The National Industrial and Commercial Investments Limited (NICIL) has accepted the US$90m bid by Egypt-born, US businessman Ramy El-Batrawi as the winning tender and the process of finalizing the deal is currently underway, Vice President Bharrat Jagdeo yesterday said.
When asked for an update on the sale of the Guyana Marriott Hotel during a press conference he hosted at the Arthur Chung Conference Centre, Jagdeo informed that cabinet has already approved the proposed US$S90 million bid.
He made it clear that the finalization of the deal was left to be handled by the state holding company NICIL and they are supposed to be in the final phase of the negotiation process.
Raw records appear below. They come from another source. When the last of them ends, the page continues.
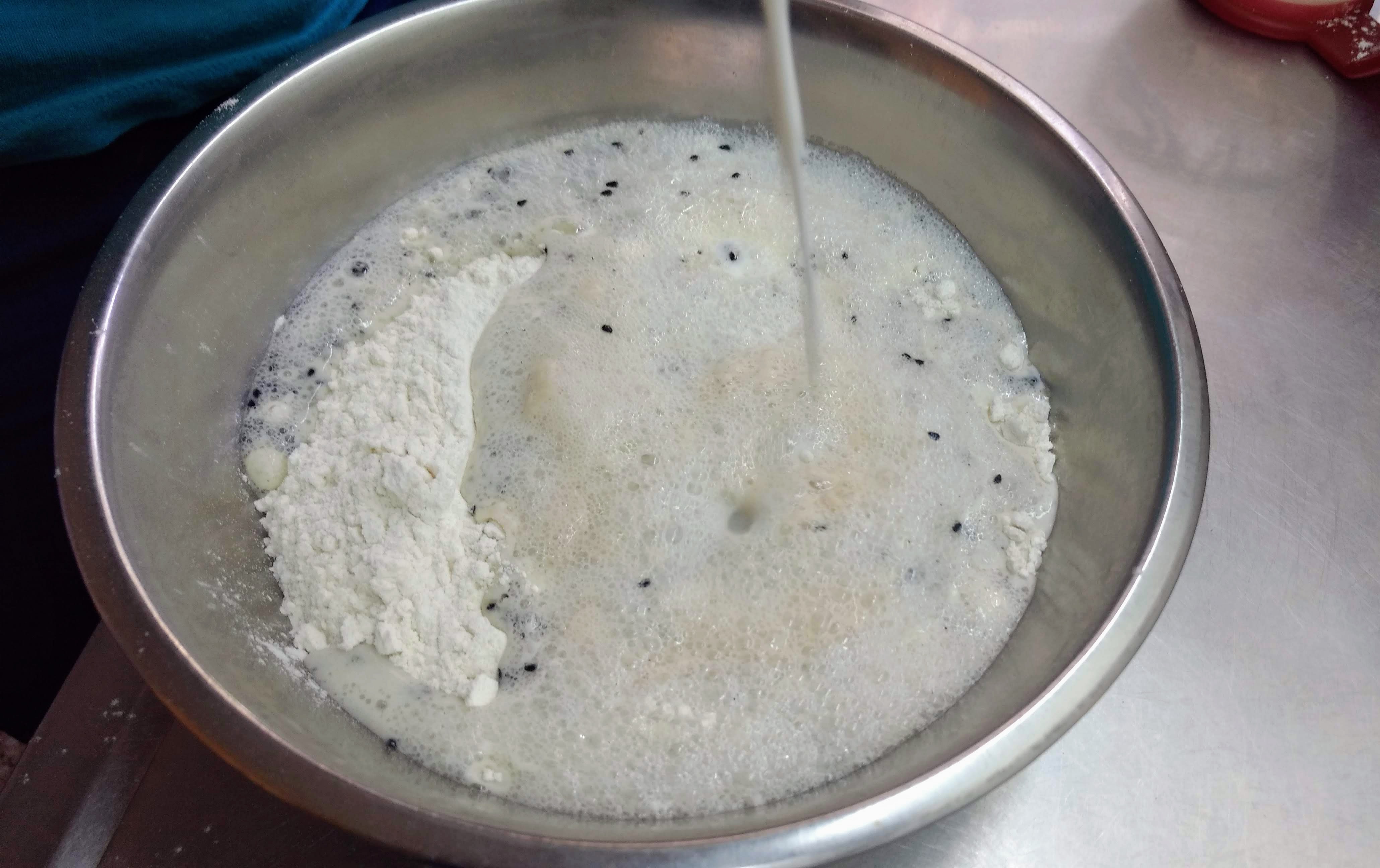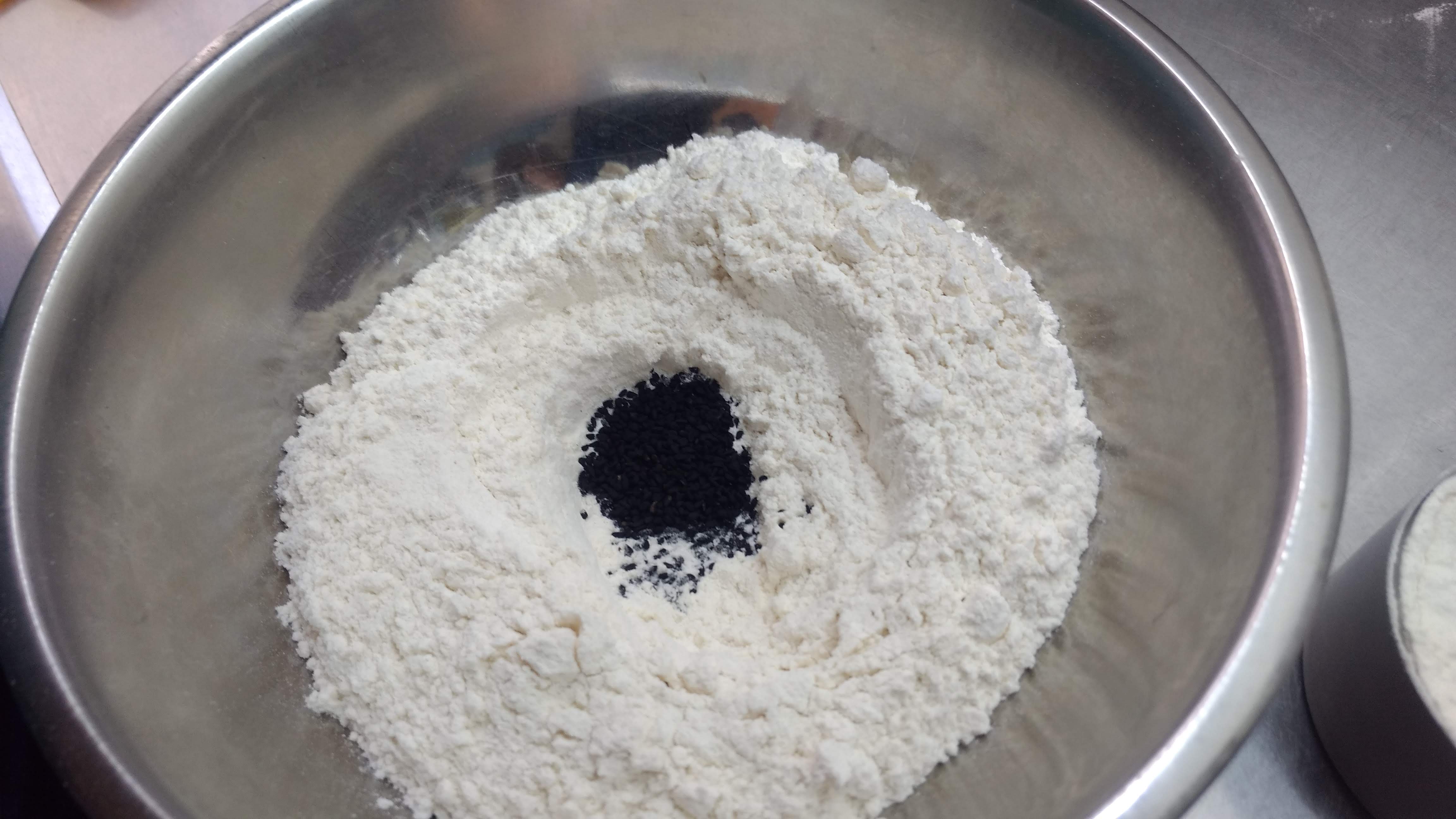 - Poner 2 ½ tazas de harina (reservar ½ taza) en un bol junto a las semillas de nigella
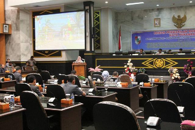 Rapat paripurna dipimpin oleh Wakil Ketua DPRD Kota Pekanbaru Sigit Yuwono, sementara Pemko Pekanbaru diwakili oleh Sekretaris Kota (Setko) Pekanbaru M Noer. (adv/DPRD Pekanbaru/ram)
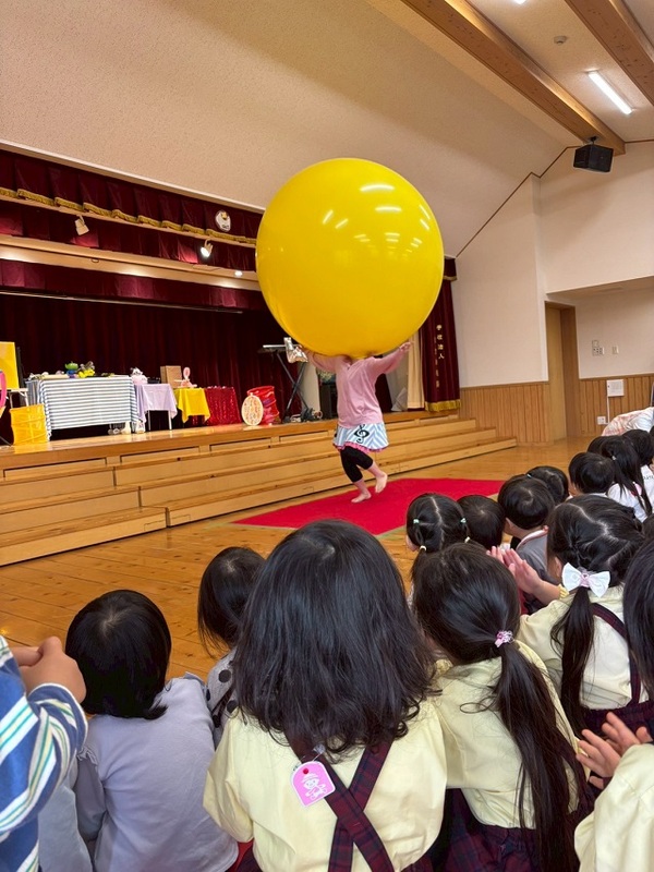 | 今日は文化芸術鑑賞会がありました! バルーンアートや、音楽を使った出し物を見せてもらいましたよ✨ バルーンで作った動物を見て、「パンダ!」と言ったり、知ってる曲があると、「○○の曲だ!」と元気に答えてくれました! 他にも、音楽に合わせて踊ったり、「パンダ・ウサギ・コアラ」の手遊びをしたりと、楽しく遊ぶ事が出来ましたよ☻ 途中に出てきた技に、驚いてしまう子ども達もいましたが、その後はまた楽しい音楽が流れ、ニコニコ笑顔の子ども達でした💗 作ったバルーンアートを1つ貰い、お部屋に飾りました! とても楽しい時間になりましたね☻ |

Jagdeo did not give insight into what those negotiations might be or the terms that the businessman might be seeking.
The Guyana Marriott Hotel is owned by the special purpose company Atlantic Hotel Inc (AHI) in which NICIL is the sole shareholder.
During a second round of bidding, X, LLC – an American investment group founded by El-Batrawi – was one of two companies that responded to NICIL’s invite in May to resubmit bids with a base price of US$85M for the sale of the Marriott Hotel in Guyana.
Upping his previous bid by US$25M, El-Batrawi emerged as the top bidder following NICIL’s evaluation.
The other bidder was Integrated Group Guyana Inc which had proposed US$86.1M.
The Government of Guyana had publicly rejected the first round of bids. It held the view that all six bids submitted for NICIL’s shares in AHI for the acquisition of the Guyana Marriott Hotel came in at a figure that was not acceptable. X, LLC in the previous round of bidding had tendered the highest bid at US$65 million while Integrated Management Group – which runs the Palm Court – bid US$55 million.
NICIL had confirmed that on May 2, the six bidders were contacted and advised that their submitted bids had been rejected. At that point, the six bidders were invited to resubmit new bids with a minimum bid price of no less than US$85 million. The deadline for submission was on May 16, 2023.
The public was not told of the request to bidders to submit new bids and no official announcement was made on the fate of the bids. In the invitation for new bids, NICIL provided a listing of assets, liabilities, and payables and explained what was expected in each category on the sale of the hotel. It listed cash on hand and at the bank as $4.6 billion. A subordinated loan was listed as $3 billion and deferred income at $3.2 billion. The related parties’ liability due to the parent company was $4.4 billion.
NICIL stated that cash on hand and at the bank will be used to settle working capital advances of $95.3 million due to the parent company of the hotel and an amount due to SCG International (Trinidad and Tobago Limited) of $261.1 million as construction costs. The cash and bank balance after the settlement of these liabilities will remain with the company for the benefit of the company after the sale and transfer of the shares.
The related parties liability due to the parent company, NICIL explained, will remain with the company for settlement by the company after the sale and transfer of shares. The subordinated loan will also be assumed by the parent company.